■ SUPPLIED RECORDS
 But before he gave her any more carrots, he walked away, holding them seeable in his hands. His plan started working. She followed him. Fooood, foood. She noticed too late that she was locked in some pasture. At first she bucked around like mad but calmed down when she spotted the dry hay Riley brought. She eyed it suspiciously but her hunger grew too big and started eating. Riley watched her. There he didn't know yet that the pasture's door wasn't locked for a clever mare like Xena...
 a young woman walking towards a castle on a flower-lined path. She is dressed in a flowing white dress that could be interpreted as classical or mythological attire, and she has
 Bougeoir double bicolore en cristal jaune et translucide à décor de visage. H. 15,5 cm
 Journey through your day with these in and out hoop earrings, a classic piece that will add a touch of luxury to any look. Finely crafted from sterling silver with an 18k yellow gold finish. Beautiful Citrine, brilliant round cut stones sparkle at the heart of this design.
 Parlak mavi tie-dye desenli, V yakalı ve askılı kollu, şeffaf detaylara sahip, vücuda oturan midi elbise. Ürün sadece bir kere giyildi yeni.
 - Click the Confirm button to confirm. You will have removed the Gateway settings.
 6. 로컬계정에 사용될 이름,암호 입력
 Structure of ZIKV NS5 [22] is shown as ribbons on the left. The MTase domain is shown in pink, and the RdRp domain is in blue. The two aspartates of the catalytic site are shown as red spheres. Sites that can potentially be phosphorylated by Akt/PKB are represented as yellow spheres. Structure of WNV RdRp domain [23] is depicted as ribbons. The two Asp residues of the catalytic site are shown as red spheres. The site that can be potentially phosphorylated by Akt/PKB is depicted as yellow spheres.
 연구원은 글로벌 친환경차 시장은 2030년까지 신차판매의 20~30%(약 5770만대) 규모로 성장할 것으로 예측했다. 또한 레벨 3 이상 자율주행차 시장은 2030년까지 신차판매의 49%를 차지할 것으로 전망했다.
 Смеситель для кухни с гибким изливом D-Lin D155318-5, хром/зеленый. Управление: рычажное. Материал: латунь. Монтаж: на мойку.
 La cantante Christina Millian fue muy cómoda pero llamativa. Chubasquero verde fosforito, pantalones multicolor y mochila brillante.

■ TASK GOAL
Would you quote everything above from the line containing "Bougeoir double bicolore" down to the line containing "6. 로컬계정에 사용될 이름,암호 입력"? Include both of those lines and nothing else.

■ RESPONSE TO THE EXERCISE
 Bougeoir double bicolore en cristal jaune et translucide à décor de visage. H. 15,5 cm
 Journey through your day with these in and out hoop earrings, a classic piece that will add a touch of luxury to any look. Finely crafted from sterling silver with an 18k yellow gold finish. Beautiful Citrine, brilliant round cut stones sparkle at the heart of this design.
 Parlak mavi tie-dye desenli, V yakalı ve askılı kollu, şeffaf detaylara sahip, vücuda oturan midi elbise. Ürün sadece bir kere giyildi yeni.
 - Click the Confirm button to confirm. You will have removed the Gateway settings.
 6. 로컬계정에 사용될 이름,암호 입력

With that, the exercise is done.